=== Task prompt ===
All of the data must be written out verbatim, with pictures excluded.

=== Stored data ===
▼▼▼

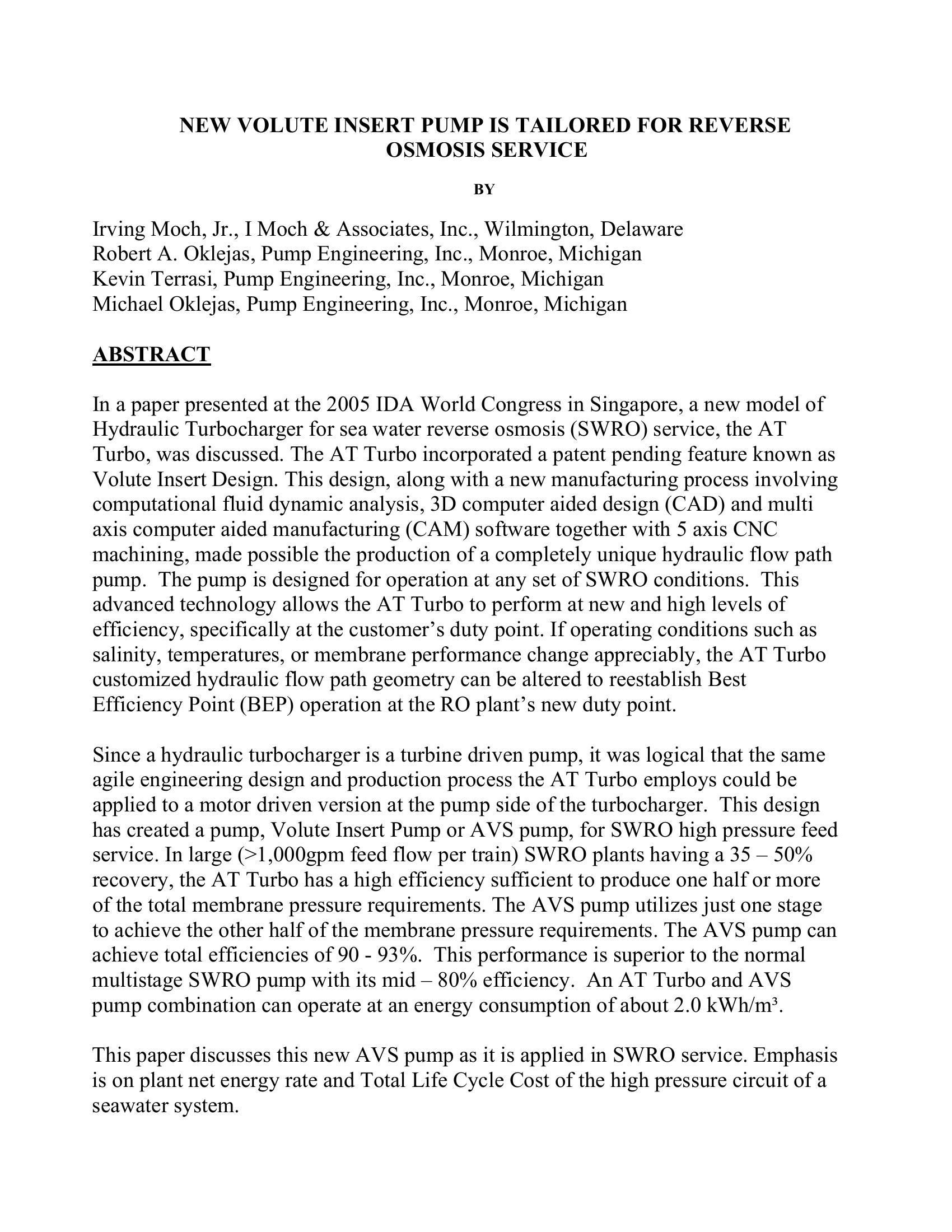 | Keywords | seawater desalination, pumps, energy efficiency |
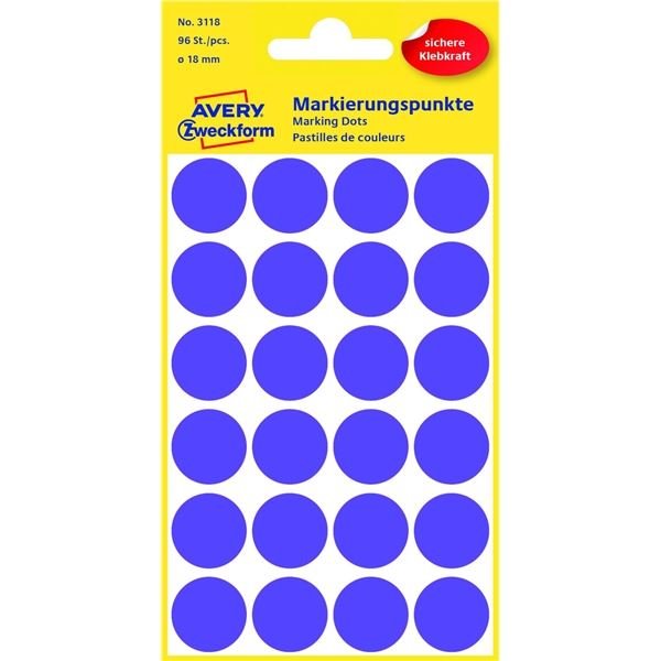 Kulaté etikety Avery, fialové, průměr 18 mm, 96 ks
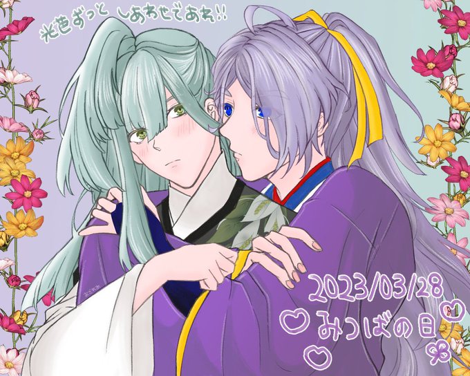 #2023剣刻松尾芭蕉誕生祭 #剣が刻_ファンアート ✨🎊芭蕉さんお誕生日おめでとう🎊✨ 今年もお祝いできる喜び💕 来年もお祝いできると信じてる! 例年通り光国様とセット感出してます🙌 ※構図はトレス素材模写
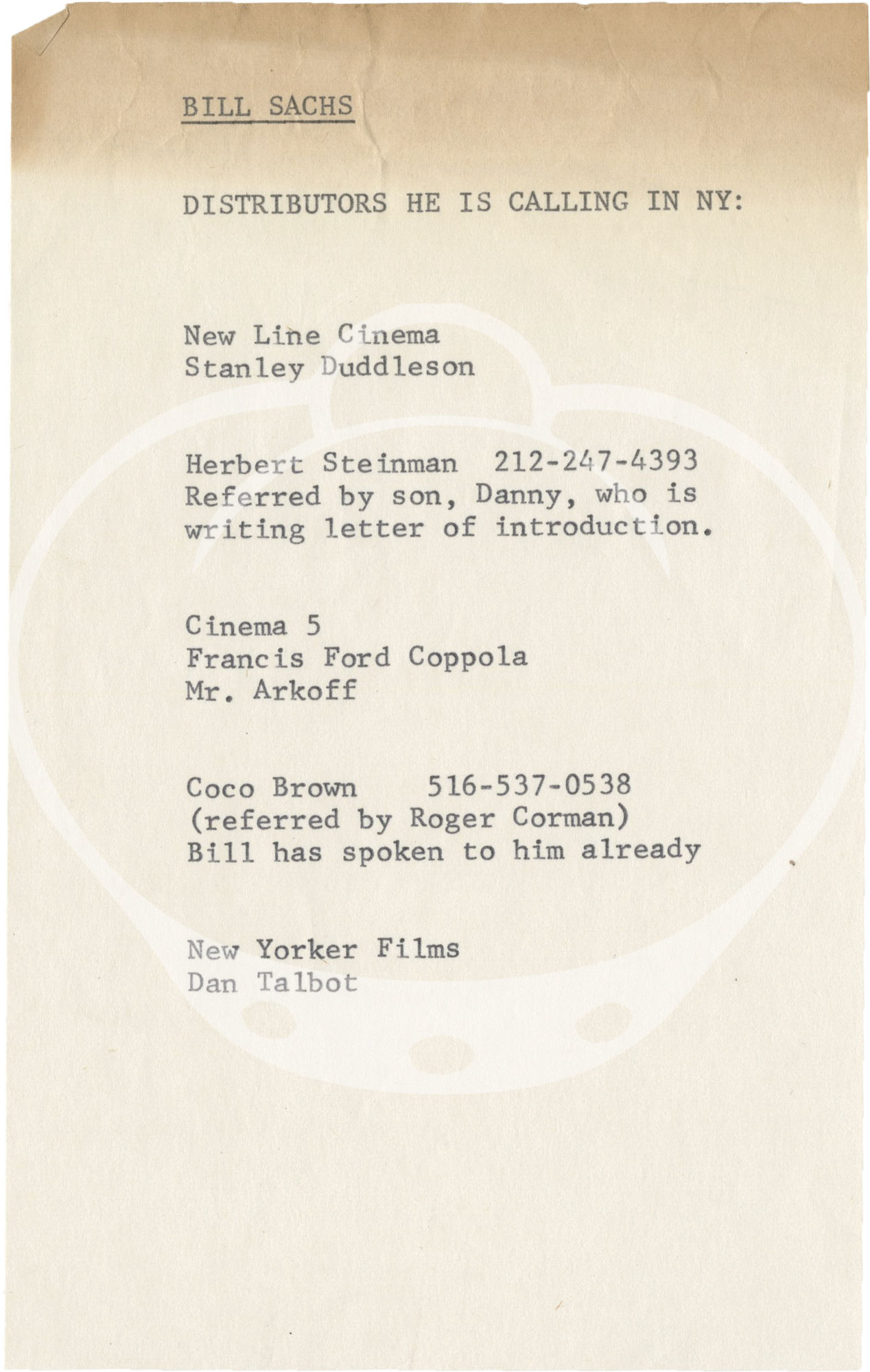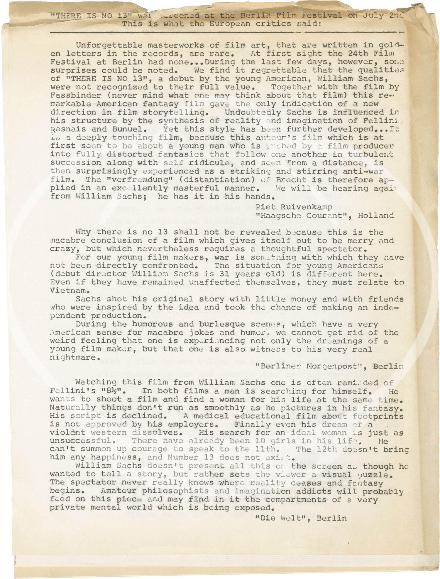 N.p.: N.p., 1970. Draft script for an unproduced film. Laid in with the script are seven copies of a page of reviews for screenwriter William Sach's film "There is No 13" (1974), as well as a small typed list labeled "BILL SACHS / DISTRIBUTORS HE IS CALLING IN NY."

▲▲▲

=== Task result ===
 | Keywords | seawater desalination, pumps, energy efficiency |
 Kulaté etikety Avery, fialové, průměr 18 mm, 96 ks
 #2023剣刻松尾芭蕉誕生祭 #剣が刻_ファンアート ✨🎊芭蕉さんお誕生日おめでとう🎊✨ 今年もお祝いできる喜び💕 来年もお祝いできると信じてる! 例年通り光国様とセット感出してます🙌 ※構図はトレス素材模写
 N.p.: N.p., 1970. Draft script for an unproduced film. Laid in with the script are seven copies of a page of reviews for screenwriter William Sach's film "There is No 13" (1974), as well as a small typed list labeled "BILL SACHS / DISTRIBUTORS HE IS CALLING IN NY."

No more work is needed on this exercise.